A wealthy woman, Jackie relocated to New York and forged a career as a book editor while also campaigning to protect Manhattan’s historic buildings.

She remained the subject of considerable press attention, most notoriously from paparazzi photographer Ron Galella who followed her around and took candid photos without permission, forcing her to take a restraining order out on him which brought attention to the modern phenomenon of “being papped”.

From 1980 Jackie had a close relationship with Maurice Tempelsman, an estranged Belgian industrialist and diamond merchant that only ended with her death.

Jackie was thrown from her horse and on examination a swollen lymph gland was detected. Initially dismissed as an infection, her health deteriorated over six months and non-Hodgkin lymphoma was detected.

The initial prognosis was good but even after chemotherapy the cancer spread to her spinal cord, brain and liver, and she died in her sleep.

But to concentrate on the sadness in her life would be unfair to this iconic woman.

Jackie was just 31 when the Kennedy administration entered the Oval Office, making her the youngest First Lady since Frances Cleveland moved out of the White House in 1897.

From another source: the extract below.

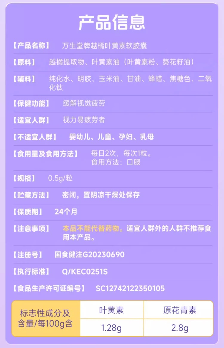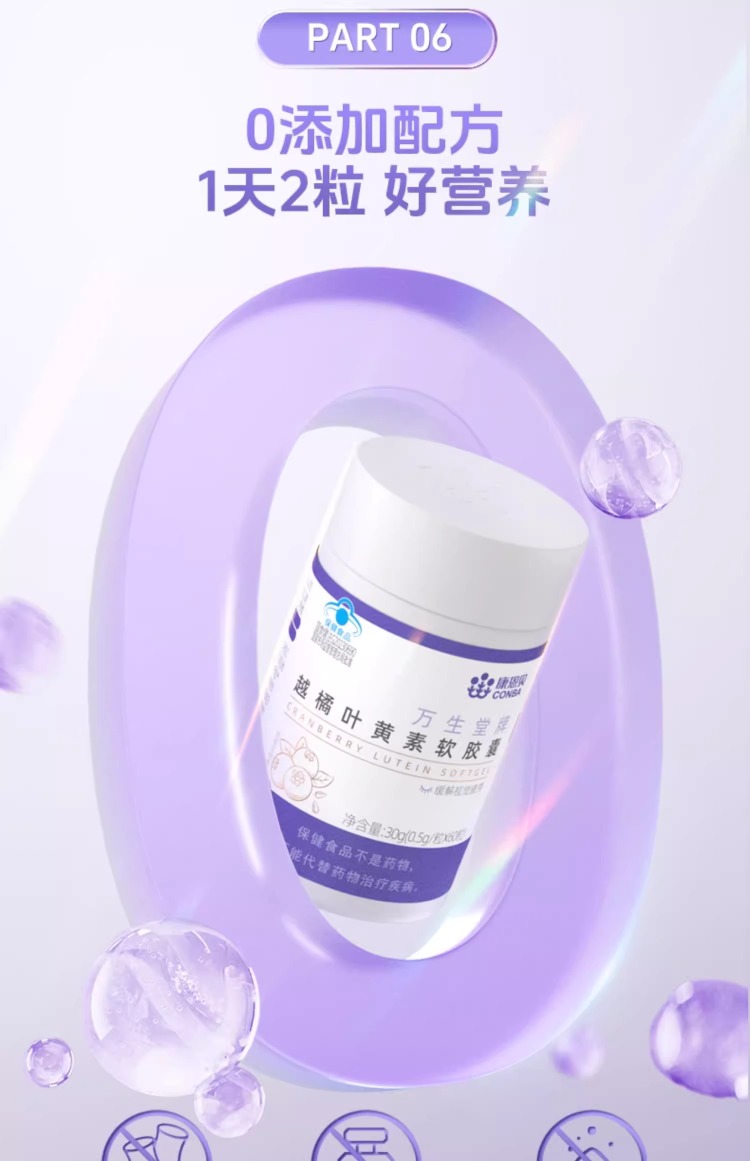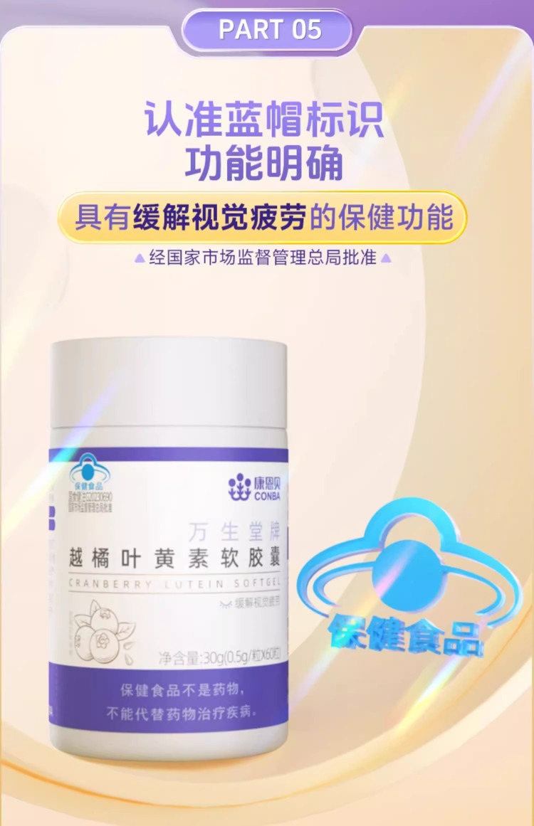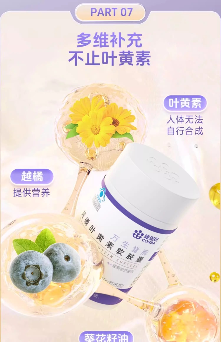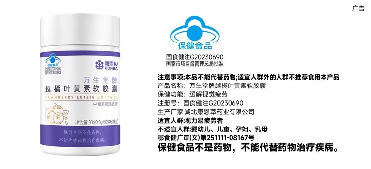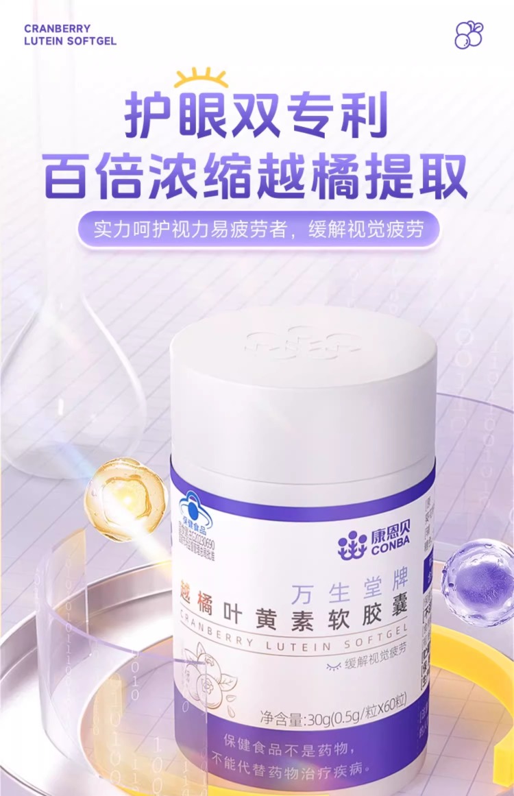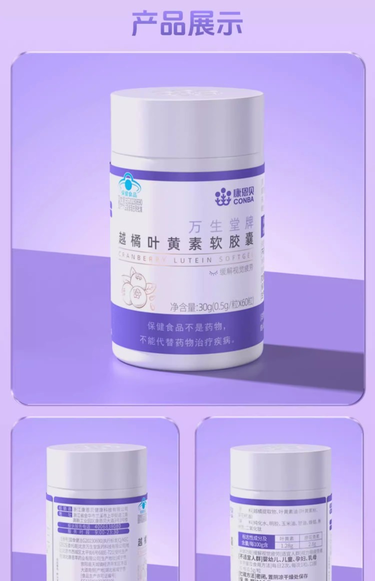 商品名称:CONBA/康恩贝万生堂牌越橘叶黄素软胶囊60粒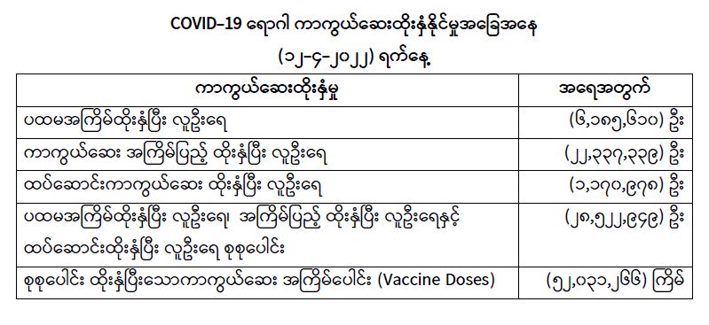 COVID-19 ရောဂါ ကာကွယ်ထိန်းချုပ်ရေးအတွက် တိုင်းဒေသကြီး/ပြည်နယ်များတွင် COVID-19 ရောဂါ ကာကွယ်ဆေးကို ဦးတည်အုပ်စုများသတ်မှတ်၍ ထိုးနှံပေးလျက်ရှိရာ (၁၂-၄-၂၀၂၂) ရက်နေ့ အထိ လူဦးရေ စုစုပေါင်း (၂၈,၅၂၂,၉၄၉) ဦးအား ထိုးနှံပေးပြီးဖြစ်၍ ပထမအကြိမ်ထိုးနှံပြီးစီးသူ (၆,၁၈၅,၆၁၀) ဦး၊ ကာကွယ်ဆေးအကြိမ်ပြည့် ထိုးနှံပြီးစီးသူ (၂၂,၃၃၇,၃၃၉) ဦးနှင့် ထပ်ဆောင်း ကာကွယ်ဆေး ထိုးနှံပြီးစီးသူ (၁,၁၇၀,၉၇၈) ဦး ရှိပြီဖြစ်ပါသည်။ သို့ဖြစ်ပါ၍ (၁၂-၄-၂၀၂၂) ရက်နေ့ အထိ မြန်မာနိုင်ငံတွင် COVID-19 ရောဂါကာကွယ်ဆေး အကြိမ်ရေ စုစုပေါင်း (၅၂,၀၃၁,၂၆၆) ကြိမ် ထိုးနှံပြီးဖြစ်ပါသည်။

She quickly became famed for her emphasis on arts and culture, as well as for her style, elegance and grace.

A socialite once dubbed “debutante of the year”, Jackie spent part of her junior year studying in Paris at the Sorbonne and graduated from George Washington University with a degree in French literature.

She met JFK, then running for the Senate, at a dinner party in 1952 and, after taking time to accept his proposal as she’d been sent to London to cover the Queen’s coronation for The Washington Times-Herald, they married the following year.

When John ran for Congress, he noticed that his wife was a valuable asset to his campaign as she was “always cheerful and obliging” and the crowds were twice as big when she accompanied him.

Described as having “tremendous awareness, an all-seeing eye and a ruthless judgement”, Jackie counselled her husband on improving his wardrobe ahead of his presidential campaign but her stylishness could be a double-edged sword.

While Jackie was admired for her personal style – frequently being featured in magazines alongside film stars and being named one of the 12 best-dressed women in the world – her preference for French designers and her spending on her wardrobe brought negative press.

Alas, the outfit she’ll always be remembered for is the bright-pink Chanel suit and pillbox hat she was wearing on November 22 1969, the day her first husband was shot and killed in Dallas as his motorcade passed Dealey Plaza.

The unlaundered suit was donated to the National Archives but, under the terms of an agreement with her daughter Caroline, it won’t be displayed until 2103.